Tribunlampung.co.id, Bandar Lampung – Membanggakan, dua pelajar asal Sekolah Islam Az Zahra mengharumkan nama Lampung dengan menyumbang medali emas dalam Kompetisi Sains Madrasah (KSM) Nasional 2022 di Jakarta pada 9-13 Oktober kemarin.
Selain dua pelajar Sekolah Islam Az Zahra Lampung, ada lima pelajar dari sekolah lain yang turut menyumbang 3 perak dan 2 perunggu dalam kompetisi Kompetisi Sains Madrasah (KSM) Nasional 2022 di Jakarta.
Lewat ajang Kompetisi Sains Madrasah (KSM) Nasional 2022 di Jakarta yang diselenggarakan Kementerian Agama RI tujuh pelajar mengerek Lampung naik ke peringkat 6 nasional dari tahun sebelumnya yang berada di posisi 19.
Terlihat jelas raut bahagia M Fadhurahman Fahri Al Fayadh (SD Islam Az Zahra) dan M Aziz Al Faruq (SMP Islam Az Zahra) saat ditemui Tribun Lampung di sekolahnya, Selasa (18/10/2022) pagi.
Keduanya berhasil menorehkan emas kategori MI/SD Cabang IPA Terintegrasi dan emas kategori SMP/MTs Cabang Matematika Terintegrasi.
Bagi Fadhurahman, meskipun ini bukan event pertama yang diikuti, tetap saja ada perjuangan yang tidak mudah.

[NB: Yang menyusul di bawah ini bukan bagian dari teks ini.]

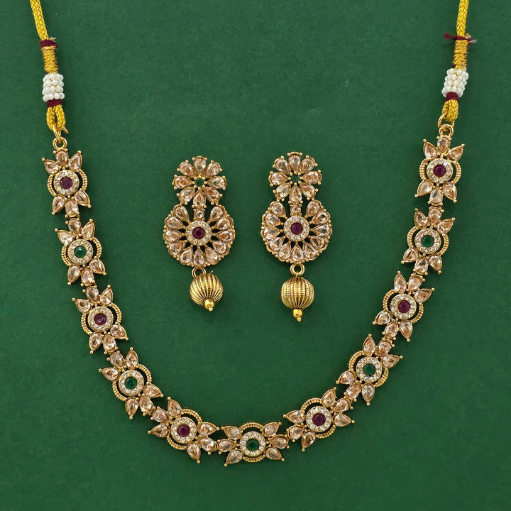 Weight: 38.0 Grams, Earring Height = 45 Mm || Width = 19 Mm,Regular Size And Adjustable,Handmade Design,Gold Plating,Antique Necklace Set
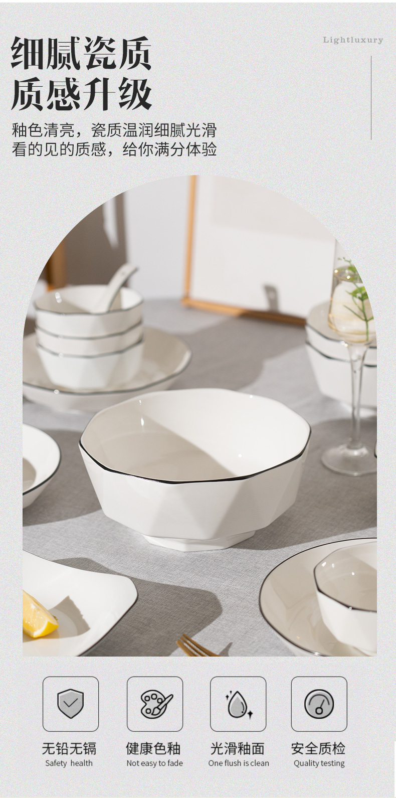 식기 세트 세라믹 밥 그릇 가정용 2024 새로운 높은 색상 가치 그릇 및 젓가락 가벼운 고급 고급 속유약 색상 선물 제공스토어 가기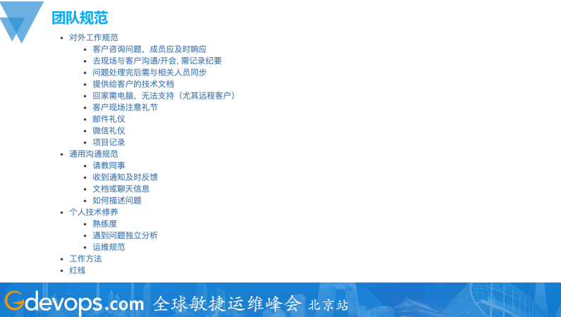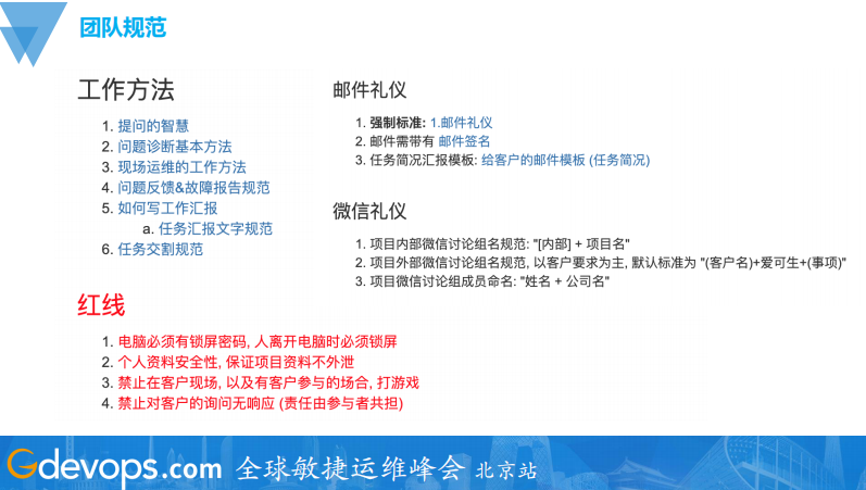 2、团队规范,不讲武德的前提下必须要有规范,比如对外的工作规范、通用沟通规范、个人技术修养、工作方法、邮件礼仪、微信礼仪、绝对不能犯的红线。
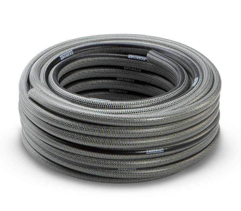 Высококачественный 5 - слойный садовый шланг, 1/2", 20 м. Устойчивый к высокому давлению благодаря запатентованному двойному армированию: обычное и перекрестное расположение желтых нитей Kevlar® от DuPont™. Наружный слой устойчив к атмосферным воздействиям и УФ-излучению, светонепроницаемый промежуточный слой предотвращает рост водорослей внутри шланга.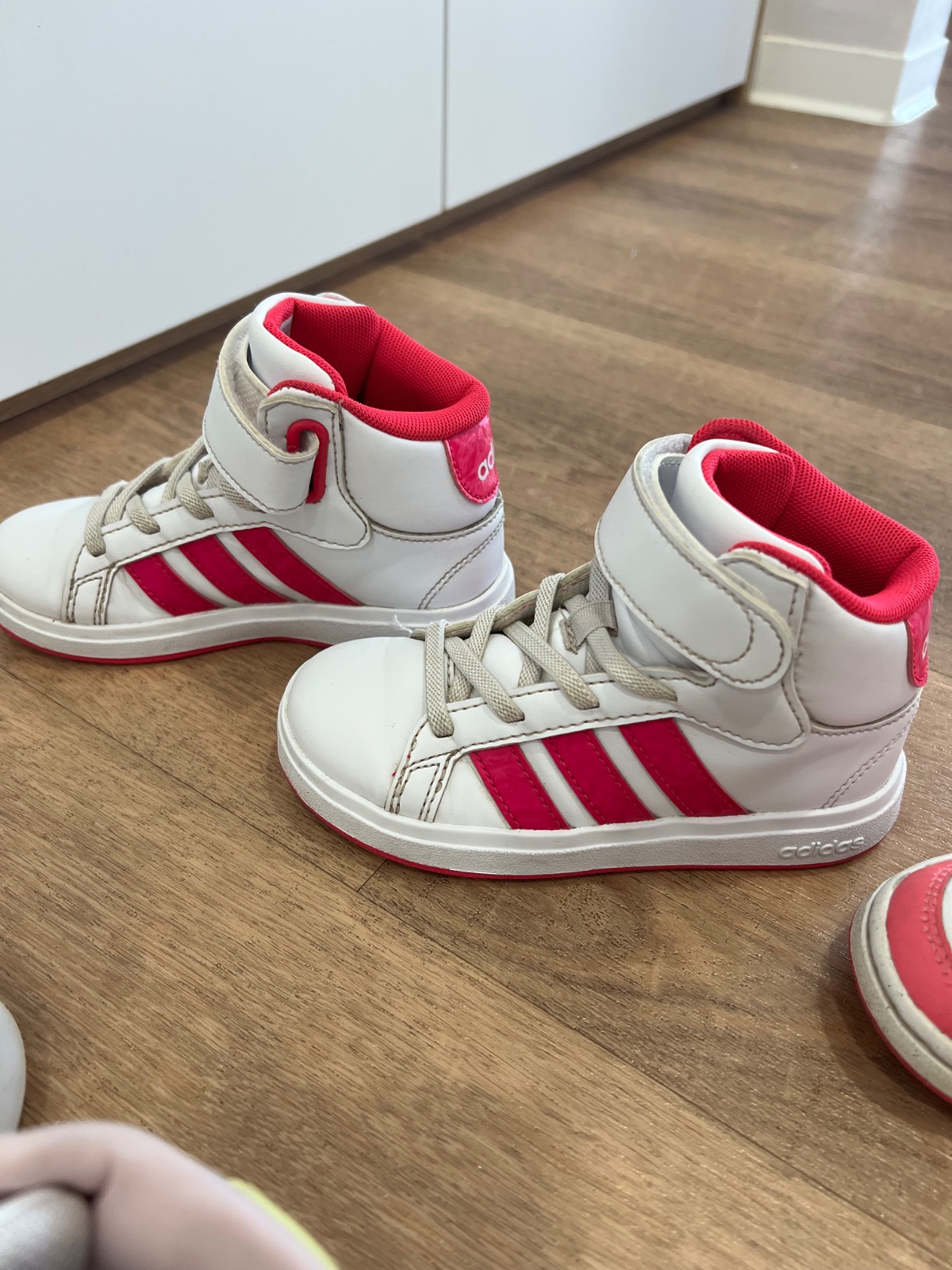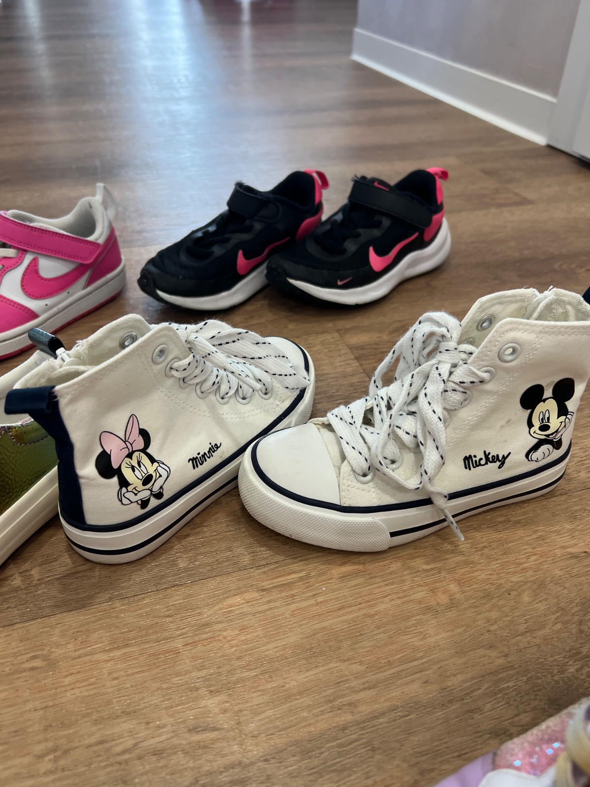 Predávam všetky nám už malé tenisky , uložené v radoch od horného 28 veľkosť , až po prvý rad 25…. Tenisky a čižmičky predávam len úplne nepoškodené , sú umyté , ale stačí ich dať dompracky a budú úplne biele , ako nové 🩷 kriklavo ružové tenisky nazuvacie sú úplne nové , veľkosť 27 za 15€, tiež holografické tenisky next 27,5 úplne nové za 10€… ostatne sú od 7€, na cenách sa viem určite dohodnúť

Baca juga: Tabrak Truk Mogok Pinggir Jalan, Dua Pengendara Motor Tewas di Jalintim Lampung
Baca juga: Tanggul Sungai Way Laay Pesisir Barat Lampung Jebol, 15 Rumah Warga Terancam Banjir
“Ada tes eksperimen dengan 4 soal dan 40 soal CBT (computer based test) saat kompetisi,” beber bocah berkulit putih ini.
Diakuinya tidak semua soal sempat dikerjakan karena ragu-ragu untuk menjawabnya. Terlebih jika salah menjawab akan mengurangi poin.
“Ada empat soal CBT yang nggak dikerjain karena takut salah jawaban,” ungkapnya yang bahkan sempat sakit di akhir waktu mengikuti training center (TC) sebelum berangkat ke Jakarta.
Namun, semua perjuangan dan proses yang telah dilalui membuahkan hasil yang membanggakan.
Sementara, M Azis Al Faruq mengaku sempat down karena melihat peserta lainnya mengerjakan semua soal saat CBT.
“Pas mengerjakan soal eksplorasi saya nggak yakin 100 persen benar, ada yang salah. Ditambah lagi pas mengerjakan CBT hanya bisa mengerjakan sekitar 70 persen,” tutur buah hati pasangan Miftahul Huda dan Rahmawati Fitria.
Diakuinya ada soal yang cukup sulit karena terintegrasi dengan keagamaan seperti Alquran, Asmaul Husna, hukum fikih, dan lainnya.
“Dari 25 soal nyari yang bukan (soal terintegrasi) agama dulu, 50 persen soalnya terintegrasi agama,” ungkapnya.